■ The problem ■
Reproduce only this stretch of the listing below: from the line with "Geopolíticamente, China parece" through the line with "山东省潍坊市寿光产投集团田柳", exactly as written, with pictures excluded.

■ Data ■

┄┄┄┄┄┄┄┄┄┄┄┄┄┄┄┄┄┄┄┄

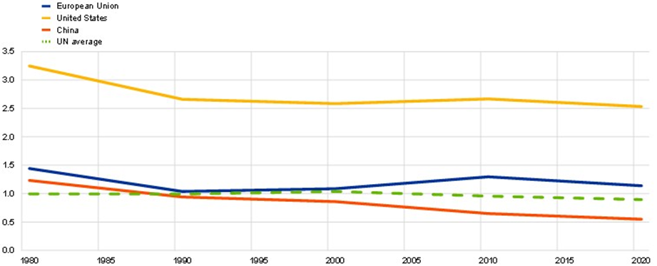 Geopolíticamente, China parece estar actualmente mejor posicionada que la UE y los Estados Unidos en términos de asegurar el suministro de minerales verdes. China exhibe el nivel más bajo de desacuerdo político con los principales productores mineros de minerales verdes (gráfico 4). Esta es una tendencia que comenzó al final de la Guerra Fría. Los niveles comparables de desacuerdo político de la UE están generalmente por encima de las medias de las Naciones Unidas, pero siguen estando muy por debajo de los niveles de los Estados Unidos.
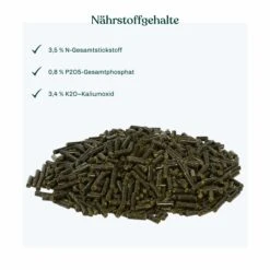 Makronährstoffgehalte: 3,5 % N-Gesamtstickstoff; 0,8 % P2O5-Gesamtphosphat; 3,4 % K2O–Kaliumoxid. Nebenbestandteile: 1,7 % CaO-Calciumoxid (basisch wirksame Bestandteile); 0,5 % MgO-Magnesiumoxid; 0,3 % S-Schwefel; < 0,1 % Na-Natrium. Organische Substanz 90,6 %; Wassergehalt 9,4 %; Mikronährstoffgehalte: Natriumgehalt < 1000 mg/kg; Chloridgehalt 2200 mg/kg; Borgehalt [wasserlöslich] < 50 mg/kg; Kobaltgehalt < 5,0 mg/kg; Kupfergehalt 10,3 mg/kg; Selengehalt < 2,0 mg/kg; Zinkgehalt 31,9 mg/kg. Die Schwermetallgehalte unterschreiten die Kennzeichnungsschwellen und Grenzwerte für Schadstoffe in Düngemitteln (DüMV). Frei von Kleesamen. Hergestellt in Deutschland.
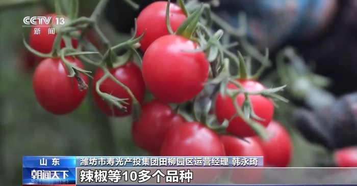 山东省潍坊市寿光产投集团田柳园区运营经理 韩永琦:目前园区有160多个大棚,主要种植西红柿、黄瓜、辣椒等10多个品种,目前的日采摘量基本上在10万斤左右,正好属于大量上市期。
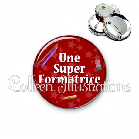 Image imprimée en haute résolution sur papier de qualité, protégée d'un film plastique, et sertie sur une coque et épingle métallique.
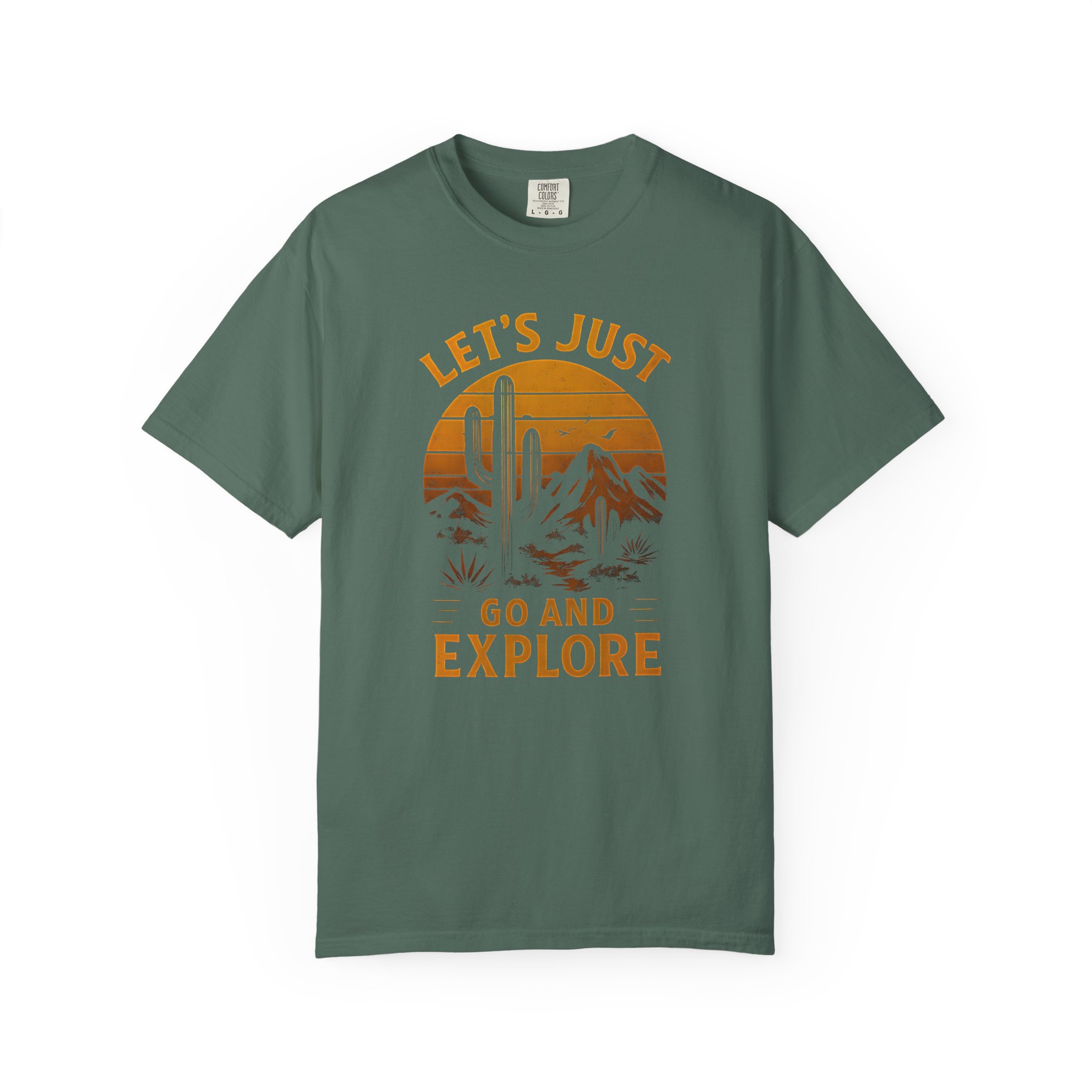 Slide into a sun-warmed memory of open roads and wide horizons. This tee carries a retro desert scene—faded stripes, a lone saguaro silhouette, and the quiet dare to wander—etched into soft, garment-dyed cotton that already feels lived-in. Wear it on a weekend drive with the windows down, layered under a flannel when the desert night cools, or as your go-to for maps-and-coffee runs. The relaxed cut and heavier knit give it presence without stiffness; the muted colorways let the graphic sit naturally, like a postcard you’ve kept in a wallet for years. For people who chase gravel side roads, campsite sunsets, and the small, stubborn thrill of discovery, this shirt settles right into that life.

┄┄┄┄┄┄┄┄┄┄┄┄┄┄┄┄┄┄┄┄

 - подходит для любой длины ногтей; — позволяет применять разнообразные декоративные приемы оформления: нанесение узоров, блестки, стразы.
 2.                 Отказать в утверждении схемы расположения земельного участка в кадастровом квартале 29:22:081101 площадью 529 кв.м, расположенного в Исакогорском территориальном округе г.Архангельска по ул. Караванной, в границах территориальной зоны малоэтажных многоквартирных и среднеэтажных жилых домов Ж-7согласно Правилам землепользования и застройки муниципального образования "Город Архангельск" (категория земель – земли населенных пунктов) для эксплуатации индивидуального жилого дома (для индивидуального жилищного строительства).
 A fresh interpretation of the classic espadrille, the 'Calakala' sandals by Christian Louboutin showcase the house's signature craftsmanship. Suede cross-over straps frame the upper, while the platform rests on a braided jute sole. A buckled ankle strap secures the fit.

┄┄┄┄┄┄┄┄┄┄┄┄┄┄┄┄┄┄┄┄

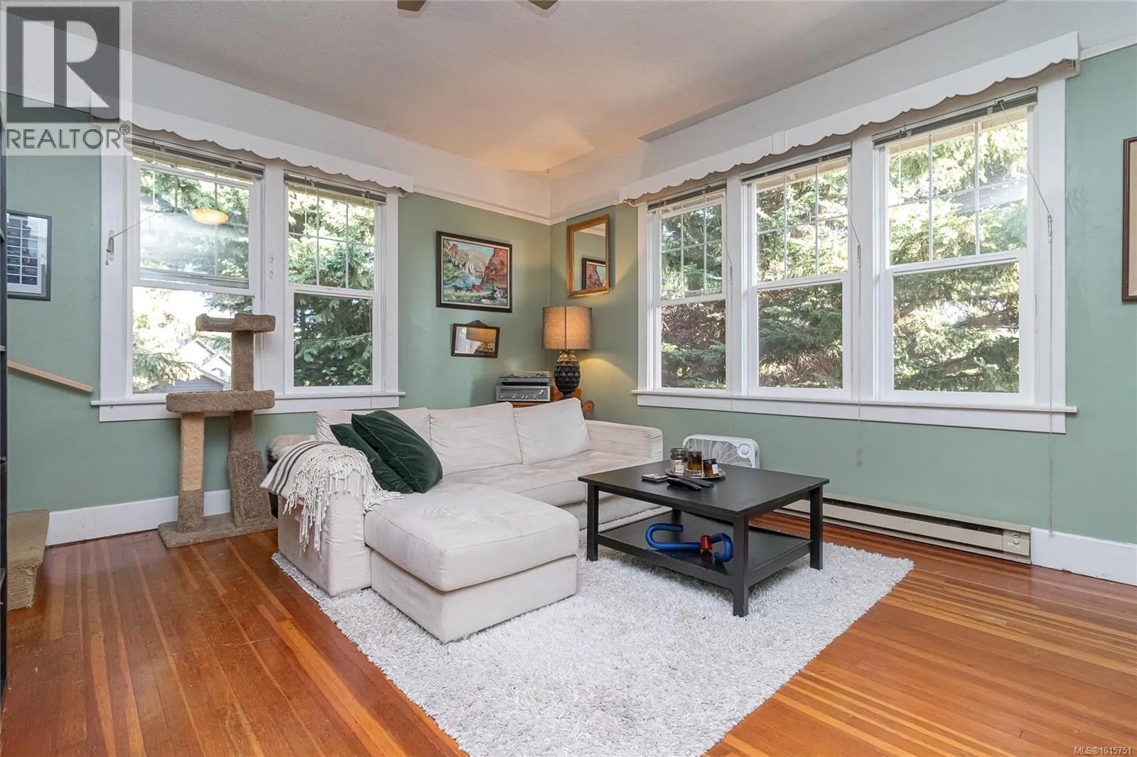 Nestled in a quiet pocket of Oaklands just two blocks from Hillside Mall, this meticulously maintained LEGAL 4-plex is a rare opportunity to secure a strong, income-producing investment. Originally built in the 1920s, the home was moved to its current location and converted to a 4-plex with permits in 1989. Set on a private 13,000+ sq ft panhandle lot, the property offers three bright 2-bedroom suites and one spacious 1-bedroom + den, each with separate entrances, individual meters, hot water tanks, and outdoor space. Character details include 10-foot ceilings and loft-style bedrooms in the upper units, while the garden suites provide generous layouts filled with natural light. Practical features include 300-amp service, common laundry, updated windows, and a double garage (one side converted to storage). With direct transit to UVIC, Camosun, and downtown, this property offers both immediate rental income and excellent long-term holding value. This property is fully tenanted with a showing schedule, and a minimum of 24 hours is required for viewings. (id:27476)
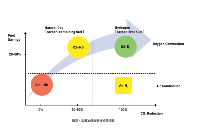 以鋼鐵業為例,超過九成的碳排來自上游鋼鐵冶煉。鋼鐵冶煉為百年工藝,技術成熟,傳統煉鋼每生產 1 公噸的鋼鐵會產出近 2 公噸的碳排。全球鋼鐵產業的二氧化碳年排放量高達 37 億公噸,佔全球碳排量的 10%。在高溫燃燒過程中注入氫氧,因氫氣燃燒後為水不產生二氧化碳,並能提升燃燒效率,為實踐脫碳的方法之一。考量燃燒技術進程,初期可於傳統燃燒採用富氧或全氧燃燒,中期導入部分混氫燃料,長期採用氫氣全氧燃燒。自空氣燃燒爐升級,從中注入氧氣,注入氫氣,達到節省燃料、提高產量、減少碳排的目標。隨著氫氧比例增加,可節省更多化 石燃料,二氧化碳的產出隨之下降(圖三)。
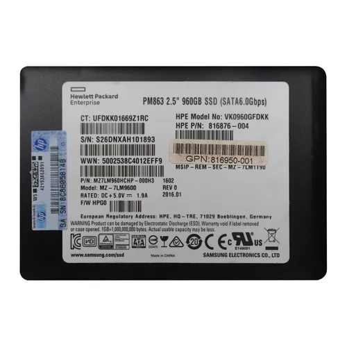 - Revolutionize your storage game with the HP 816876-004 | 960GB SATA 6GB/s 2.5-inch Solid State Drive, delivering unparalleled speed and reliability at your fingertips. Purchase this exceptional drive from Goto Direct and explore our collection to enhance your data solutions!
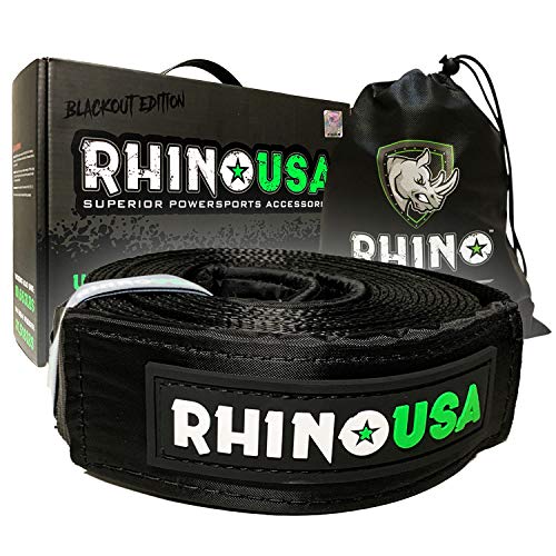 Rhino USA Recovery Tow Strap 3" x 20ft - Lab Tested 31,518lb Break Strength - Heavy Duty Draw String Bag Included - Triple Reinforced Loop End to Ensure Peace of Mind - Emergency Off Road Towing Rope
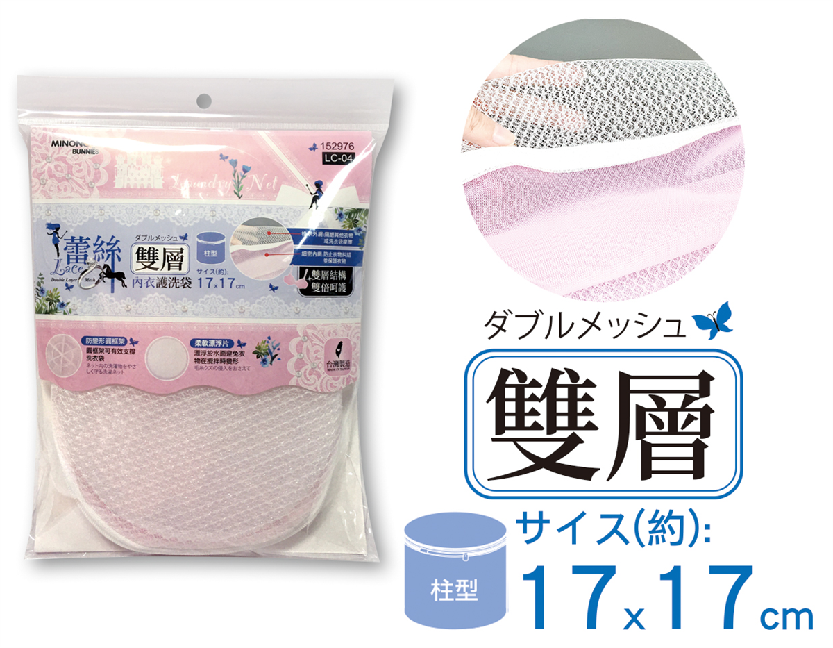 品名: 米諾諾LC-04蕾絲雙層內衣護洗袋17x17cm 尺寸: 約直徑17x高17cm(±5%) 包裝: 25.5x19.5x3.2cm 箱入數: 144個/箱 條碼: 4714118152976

┄┄┄┄┄┄┄┄┄┄┄┄┄┄┄┄┄┄┄┄

■ Task output ■
 Geopolíticamente, China parece estar actualmente mejor posicionada que la UE y los Estados Unidos en términos de asegurar el suministro de minerales verdes. China exhibe el nivel más bajo de desacuerdo político con los principales productores mineros de minerales verdes (gráfico 4). Esta es una tendencia que comenzó al final de la Guerra Fría. Los niveles comparables de desacuerdo político de la UE están generalmente por encima de las medias de las Naciones Unidas, pero siguen estando muy por debajo de los niveles de los Estados Unidos.
 Makronährstoffgehalte: 3,5 % N-Gesamtstickstoff; 0,8 % P2O5-Gesamtphosphat; 3,4 % K2O–Kaliumoxid. Nebenbestandteile: 1,7 % CaO-Calciumoxid (basisch wirksame Bestandteile); 0,5 % MgO-Magnesiumoxid; 0,3 % S-Schwefel; < 0,1 % Na-Natrium. Organische Substanz 90,6 %; Wassergehalt 9,4 %; Mikronährstoffgehalte: Natriumgehalt < 1000 mg/kg; Chloridgehalt 2200 mg/kg; Borgehalt [wasserlöslich] < 50 mg/kg; Kobaltgehalt < 5,0 mg/kg; Kupfergehalt 10,3 mg/kg; Selengehalt < 2,0 mg/kg; Zinkgehalt 31,9 mg/kg. Die Schwermetallgehalte unterschreiten die Kennzeichnungsschwellen und Grenzwerte für Schadstoffe in Düngemitteln (DüMV). Frei von Kleesamen. Hergestellt in Deutschland.
 山东省潍坊市寿光产投集团田柳园区运营经理 韩永琦:目前园区有160多个大棚,主要种植西红柿、黄瓜、辣椒等10多个品种,目前的日采摘量基本上在10万斤左右,正好属于大量上市期。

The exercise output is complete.